▸ ACTION ITEM: With the line containing "龚家岭收费站旁鲜花盛开,江汉关等武汉地标融入立面装饰。" as the final line, restate exactly every line of the data below from the first one onward, and copy no pictures.

▸ AVAILABLE DATA:
╭──

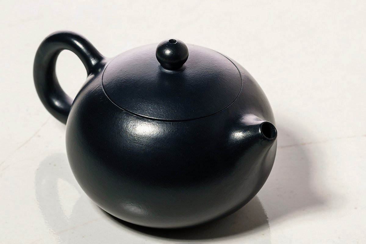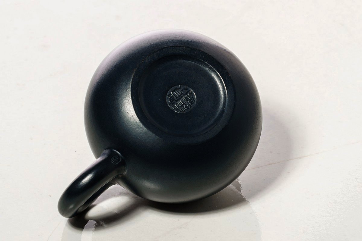 Чайник из комбинации двух исинских глин – Хэй Ни и Мо Люй Ни. В результате мы получили посуду с очень интересным цветом – темно-синего, с зеленоватым и черным отливом. Шикарная работа мастера Чжу Тайсяна (朱太祥), выполненная в классической форме Си Ши. Прекрасная симметрия и геометрия, идеально притертая крышка, безупречно работающий водяной замок и быстрый слив около 10 сек. Сливное сито плоское, типа пин кун с 9-ю отверстиями.
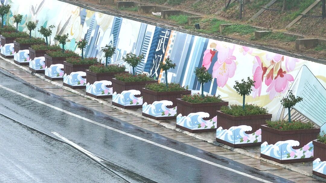 龚家岭收费站旁鲜花盛开,江汉关等武汉地标融入立面装饰。
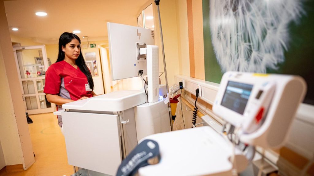 Eine Krankenschwester arbeitet am Computer im Vivantes Auguste-Viktoria-Klinikum in Berlin.

╰──

▸ SOLUTION FOR THIS EXERCISE:
 Чайник из комбинации двух исинских глин – Хэй Ни и Мо Люй Ни. В результате мы получили посуду с очень интересным цветом – темно-синего, с зеленоватым и черным отливом. Шикарная работа мастера Чжу Тайсяна (朱太祥), выполненная в классической форме Си Ши. Прекрасная симметрия и геометрия, идеально притертая крышка, безупречно работающий водяной замок и быстрый слив около 10 сек. Сливное сито плоское, типа пин кун с 9-ю отверстиями.
 龚家岭收费站旁鲜花盛开,江汉关等武汉地标融入立面装饰。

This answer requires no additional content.